Allerdings räumte der Rezensent dann kurz darauf ein, dass die Operette schließlich zu dem etwas banalen, aber befriedigenden Ergebnis gelange

daß weder Reichthum, Ruhm und Wechsel in der Liebe zum wahren Glücke führen, sondern lediglich die stille, friedliche Vereinigung mit einem gleichgestimmten Herzen.

Das "Wiener Montags-Journal" vom 29.10.1888 berichtet:

…dass das (natürlich aus einer französischen Quelle stammende) hübsche und verwendbare Sujet von den Herren Genée und Zapert in ganz geschickter Weise zu einem deutschen - sagen wir "Bilderbuche" verarbeitet wurde, da die Operette nicht aus Acten sondern aus Bildern besteht.

Nur die "Wiener Zeitung" vom 28.10.1888 orakelt ein wenig spöttisch:

Die Verhältnisse der Operette bringen es mit sich, daß alle Personen mehr oder minder gut verkleidet dem Glücksjäger folgen und so ist das beschäftigte Personale gut, aber nicht so zahlreich, wie man vermuthen könnte. Was dem Texte am Reiz der Neuheit gebricht, ersetzen so ziemlich gute Inszenesetztungen, hübsche Costüme, gelungene Bilder und Aufzüge…

Entsprechend den genannten Besonderheiten des Textbuches wird denn auch die Handlung durch die Kritiker in ähnlich knapper Form geschildert wie hier in unserer Werksbeschreibung.

Obwohl die Operette heutzutage völlig unbekannt ist, kennen doch zumindest die Suppé-Liebhaber einen großen Teil der Musiknummern, allerdings die meisten wohl, ohne es zu wissen.
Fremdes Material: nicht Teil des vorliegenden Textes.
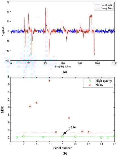 (a) Identification results of the simulated signal. The red line indicates noisy clips, and the blue line indicates high-quality clips. (b) The MSE distribution of the simulation signals. The red stars represent noisy samples, and the green circles represent high-quality samples.
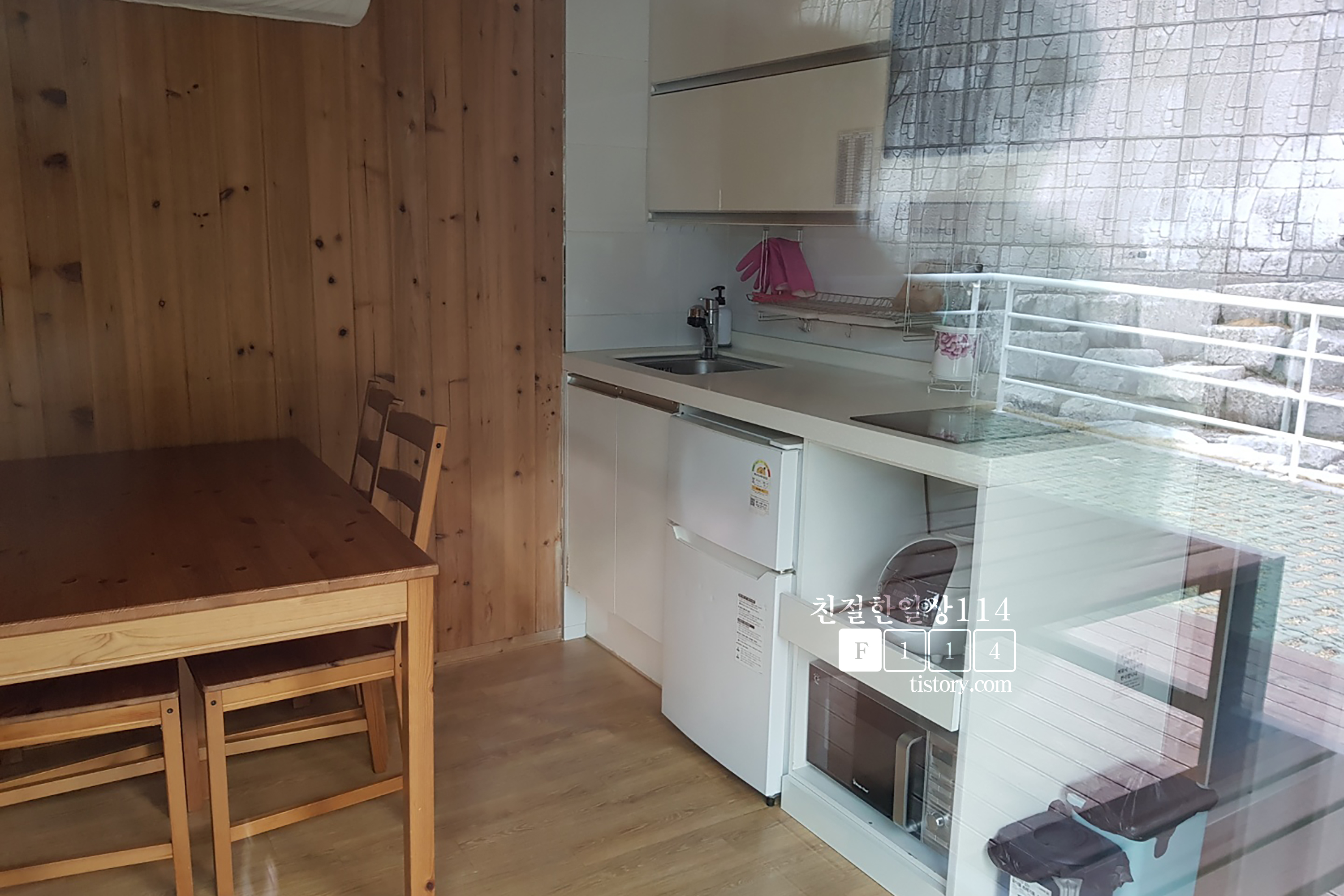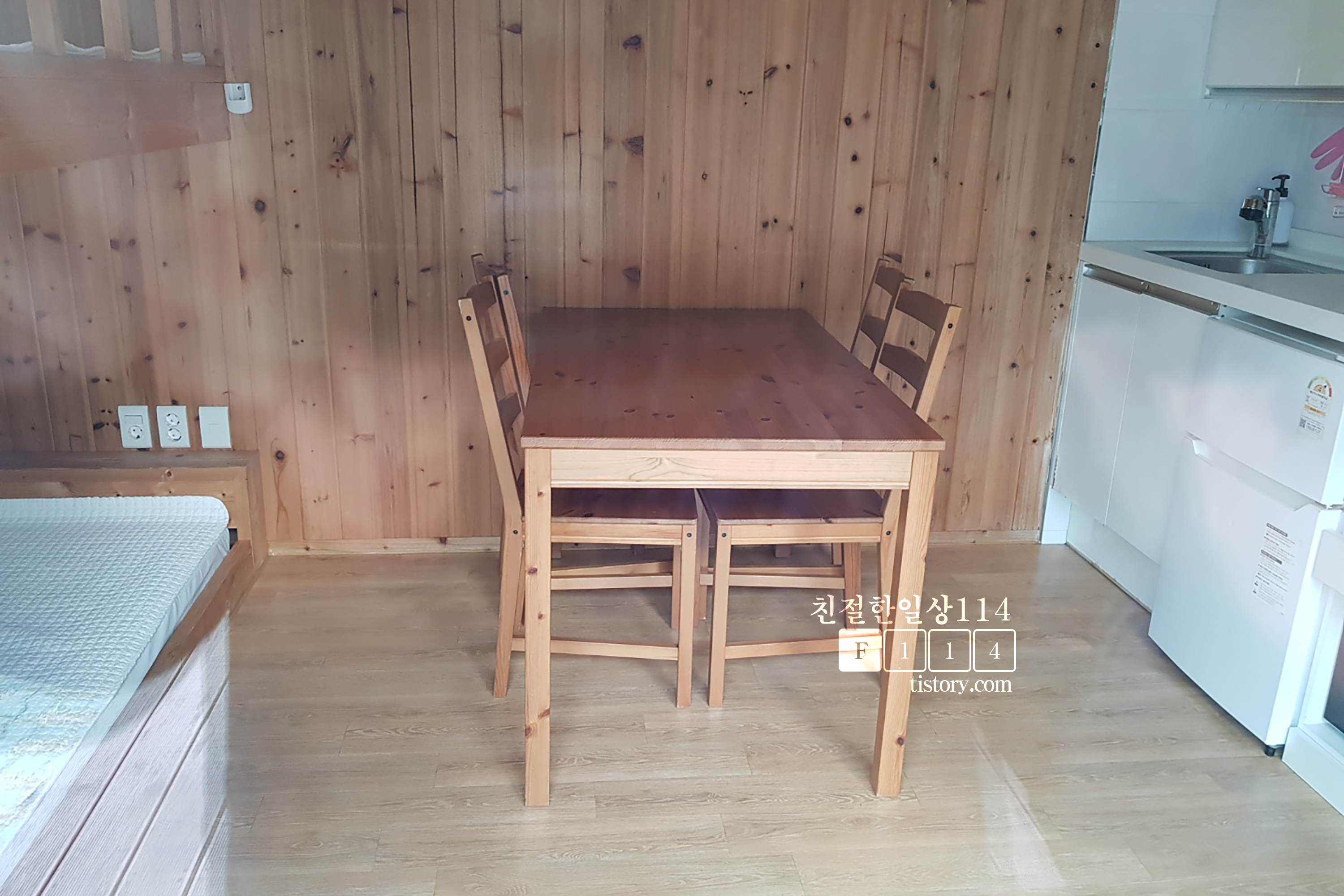 사람이 없어서 곤충카라반 안을 살짝 들여다 보았다. 중앙에 식탁이 있고 한쪽으로 주방, 반대쪽으로 2층 침대가 있다. 곤충카라반은 정원이 6명이며 최대 8인까지 숙박할 수 있다고 되어있는데 안을 보니 8명까지는 많이 좁을 것 같다는 생각이 들었다.

August Peter Waldenmaier hat in seiner 1954 uraufgeführten 3-aktigen Neufassung des ursprünglichen Einakters Banditenstreiche eine ganze Reihe von Musiktiteln aus der Jagd nach dem Glück eingefügt. Wichtig ist in diesem Zusammenhang, dass es von dieser Neufassung 1954 zunächst nur eine Rundfunkfassung gab, und erst mit der Uraufführung 1955 in Trier eine nochmals erweiterte Bühnenfassung. Waldenmaier soll um die Herkunft der eingefügten Titel ein Geheimnis gemacht und lediglich darauf hingewiesen haben, er sei auf einen alten originalen Klavierauszug gestoßen. Nun, auf diesen bin ich kürzlich auch gestoßen und konnte somit relativ leicht ermitteln, welche Titel der "Banditenstreiche" -Neufassung aus jener Operette stammen.
Zum Vergleich müssen wir die hier abgebildete CD des Labels Line zu Rate ziehen, die aber auf der kürzeren Rundfunkfassung basiert und selbst davon nicht alle Titel enthält. Von daher ist der Hinweis auf dem Cover "Gesamtaufnahme" nicht ganz korrekt. Einige Titel dieser Fassung wurden fast originalgetreu aus der Jagd nach dem Glück übernommen, so etwa "Nützet die Zeit, wenn Rosen blühen", auf der CD der zweite Titel im dritten Akt, gesungen von Stella, der Freundin der weiblichen Hauptperson Lidia. Das Lied wird im Original im ersten Akt als Duett zwischen der Kokotte Florine und der männlichen Hauptfigur Rudolf gesungen. Ein weiterer originalbelassener Titel ist "Verzeihung, wenn wir stören", der in beiden Fällen auch die gleiche Situationskomik in einem Quintett beschreibt. Auf der Banditenstreiche-CD wird im Titel 16 der Professor Tondolo von 4 Räubern ausgeraubt, im Original ist es in der Nr. 8 im ersten Akt der Diener des Grafen Rudolf, Casimir, der da gerupft wird. Fast dem Original entsprechend, aber nur ein kleiner Ausschnitt aus dem Schluss der originalen Introduktion ist das in der Nr. 3 der Banditenstreiche gesungene Lied der Lidia "Heut ist mein Hochzeitstag". Das hieran anschließende Duett mit ihrer Freundin Stella ist dann aber wiederum einem anderen Musiktitel des Originals entnommen, der Nr. 6 im ersten Akt, einem Duett zwischen Stella und Fanny. Und obwohl wieder die beiden gleichen weiblichen Personen agieren, ist die Situation hier jetzt eine ganz andere. Stella ist mit ihrer Freundin ihrem Verlobten Rudolf nach Paris heimlich nachgereist. Die Beiden müssen zu Geld kommen und Fanny bietet daher auf dem Markt von ihr gebackene Pasteten und Stella ihre Sangeskunst feil.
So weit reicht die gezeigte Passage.